Varoluş, Sartre
Varlık, var olmak, nasıl oluştuğu us kavramı sebebiyle biraz mistik. Öz, ilahi güç, kişi olarak veya bir norm olarak. Tartışma konusu ise bu kavramlardan hangisinin daha önce olduğu. Muhakkak ki öz şu anki varlıklarımızı oluşturdu ama varlıklardan meydana gelenlerin özle de bir bağlantısı yoktu bu durumda kimi insanı varlığın öze ulaşıp ulaşamayacağını merak etti.
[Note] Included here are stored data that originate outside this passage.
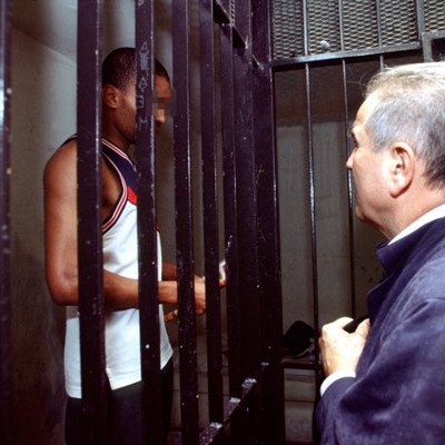 Illustration : FLEURIS-MEROGIS : VISITE DE L' AUMONIER CATHOLIQUE A LA MAISON D'ARRET DES HOMMES: AIME JACQUET, AUMONIER LAIC, RENCONTRE CHAQUE LUNDI LES PRISONNEIRS QUI EN ONT FAIT LA DEMANDE, DANS LEUR CELLULE. ATTENTION: LES VISAGES DES DETENUS DOIVENT ETRE OBLIGATOIREMENT MASQUES. Date de création : 02/10/2000
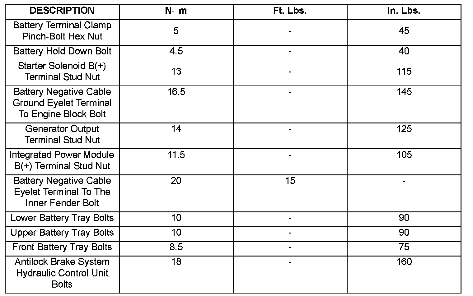 Torque Specifications:
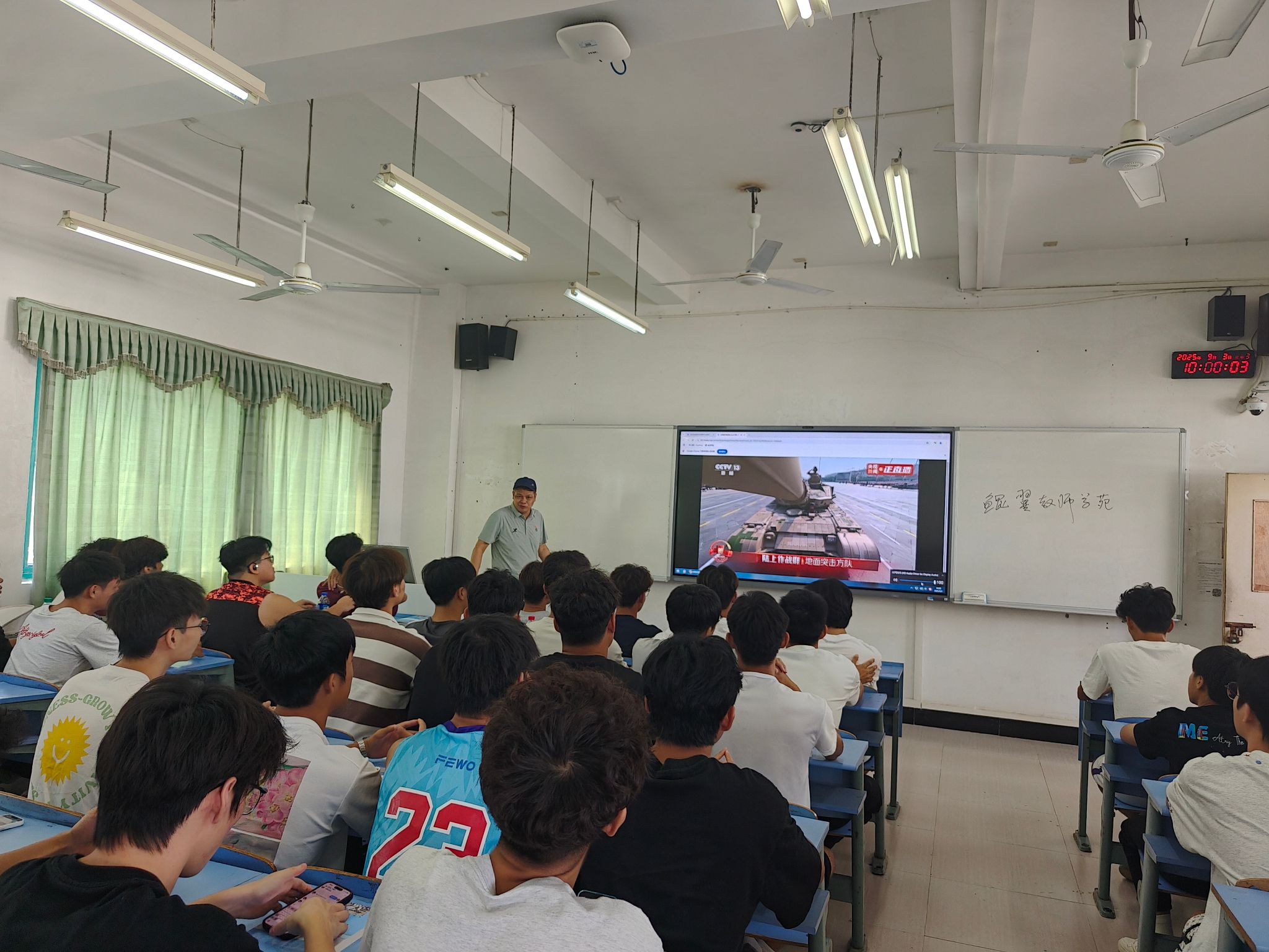 9月3日上午,纪念中国人民抗日战争暨世界反法西斯战争胜利80周年大会在北京天安门广场隆重举行。中共中央总书记、国家主席、中央军委主席习近平发表重要讲话并检阅部队。为深切缅怀革命先烈,弘扬伟大抗战精神,激发大学生的爱国热情和民族自豪感,当天上午,我校认真组织全校师生收听观看纪念大会和阅兵式,凝聚师生的爱国之情。
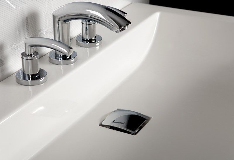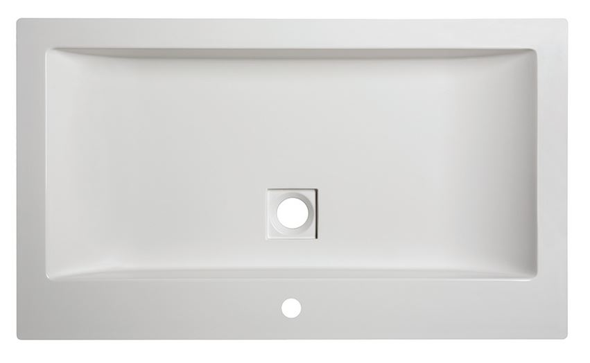 Prostokątna umywalka nablatowa Space Mineral jest wykonana z odlewu mineralnego.
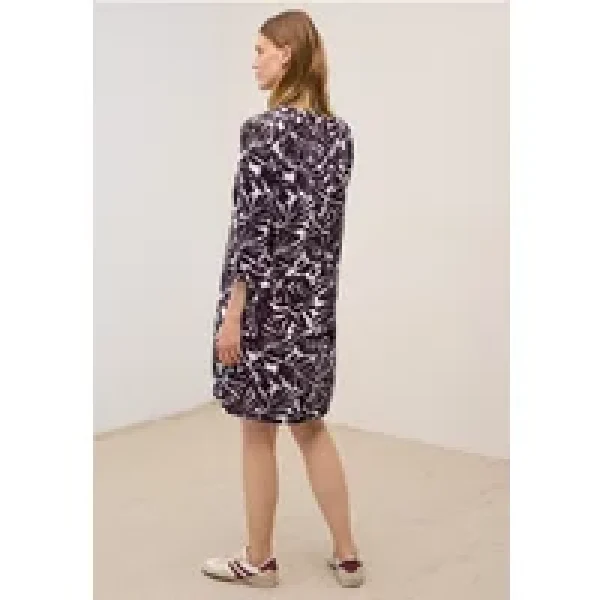 Met zijn grafische all-overpatroon en vrouwelijke V-halslijn is deze zomerjurk voor dames van CECIL een echte blikvanger. De fijne structuurstof voelt aangenaam aan op de huid, terwijl de 3/4-mouwen lichtgewicht comfort bieden. Perfect voor ontspannen zomermomenten met stijl.
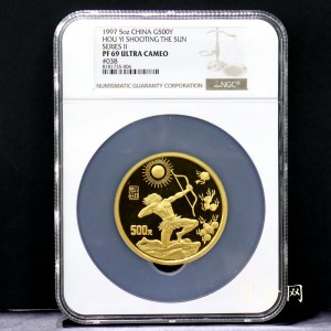 其中第二组中有“黄白情侣”之称的两枚5盎司币摄人眼球,这便是“后羿射日”金币和5盎司“嫦娥奔月”银币。币面上后羿矫健的身姿与嫦娥婀娜的体态形成鲜明对比,给人在视觉上产生冲击,印象深刻。后羿射日是民间传说,人们难耐天上十个太阳的烘烤,后羿力大无穷,射掉九个,留下了唯一的一个让人们得以在适宜的温度下生存。这是有名的后羿射日的。有英雄的出世,就少不了美人的相随,后羿立下盖世神功后,受到了人们的尊敬和爱戴,又是人们眼中羡慕的郎才女貌恩爱夫妻,自然就受到小人的记恨,此后就出现了后羿妻子嫦娥凄美奔月的故事。相传,中秋拜月的风俗就源于此

Sonunda egzistansiyalizm adlı akım Jean-Paul Sartre vasıtasıyla hayat buldu. İçinde bulunduğu sosyal durumu, önemli esnalarda verdiği kararları amaçları doğrultusunda -ki bu amaç özü bulmak- değerlendirdi ve ona göre davrandı.
Egzistansiyalizm, varoluşçuluk, insanın neden var olduğunu bilmeden girdiği bir mücadelenin mutlak çözümü. Varoluşçuların gayeleri basittir, varlıklar kendi özü kendi davranış biçimlerinden yaratır. Birey, içinde bulunduğu toplumda öğrenerek, tecrübe ederek, gözlemleyerek gelişir ve benliğini oluşturan sadece ve sadece kendisidir. Diğer bir deyişle, birey kendisini oluşturan bir projenin ürünüdür ve varlığının sebebi kendisini geliştirmektir bu sebepledir ki insan kendi seçimlerinin bir sonucudur. Diğer yandan, bu durum bireye varlığını açıklayabilmesi için sorumluluklar yükler. Varoluşçular bu sorumlulukları öze ulaşma ve açıklama bakımından önemli bulduğu için, sorumluluklar bireylerin mücadelelerinde rehber niteliği taşıdığı düşünülür. Aslında baktığımızda sorumluluklarımızın hayatımıza direkt etki yaptığını söyleyebilir çünkü sorumluluklar bireye çevre üzerinden yüklenir ve çevreyi anlamak, daha da önemlisi bireyin kendisini anlamak için sorumluluklarının farkında olması gerekir. Varoluşçuların sorumluluk kavramını bu şekilde değerlendirip, ona göre hayatlarını kurarlar.
Sartre varoluşçuluğun felsefe dalı altında bir öğreti olduğunu söylese de fikir olarak varoluşçuluk, birçok insanın düşünsel hayatını belirlemiştir. Edebiyatla uğraşan sanatçılarda, sokaktan çevirdiğimiz bir insanda da aynı varoluşsal sancılar gözlemlenebilir bu da varoluşçuluğun felsefe dalı altında gelişerek sosyal hayatta bireylerin seçimlerine önayak olduğu söylenebilir. Rus edebiyatının yeraltı yazarlarından Dostoyevski, Fransız edebiyatın Camus ve Türk edebiyatından Oğuz Atay bu sanatçılar varoluşçuluğu hayatlarının merkezlerine koymuş ve felsefeden doğan bu öğretiyi sosyal hayata bıraktıkları eserlerle veya direkt kendi hayatlarıyla daha genel bir perspektifte incelenmesinde yardımcı olmuşlardır. Felsefe kaynaklı bir öğreti olduğundan, diğer fikir akımları tarafından bazı eleştirilere konu olan egzistansiyalizm, bireyde terk edilmişlik hissi, mutsuzluk ve umutsuzluk gibi olumsuz etkiler meydana çıkardığı söylenmiştir. Sartre bu eleştirileri açıklarken insanın kendi kaderini yazdığını düşünür ve mutsuzluk ve umutsuzluk gibi kavramların sosyal durumlara göre değişkenlik gösterdiğini, örneğin, bireyin zaman içerisinde karşılaştığı birbirinden farklı sosyal durumların insanın mutluluğunu belirlediğini savunur. Bu görüşün temelinde yine insanın sosyal hayata karşı kendi içinde yarattığı bu öz sayesinde bu yorumları yapabilmesi yatar.
Varoluşçuluğun bir felsefe öğretisi olarak başlayan ve daha sonra gündelik hayatlarımıza kadar giren bu yolculuğunda önemli sanatçılar katkıda bulunmuştur. Rus edebiyatından Dostoyevski, Fransız edebiyatından Camus ve belki de Türk edebiyatından Oğuz Atay, bu sanatçılar bıraktıkları eserlerle veya direkt kendi yaşamlarıyla varoluşçuluğun genel bir olguya ulaşması için çabalamıştır.
‘ Bizler Tanrı’nın terkedilmiş çocuklarıyız bu yüzden kendi yolumuzu kendimiz bulmalıyız.’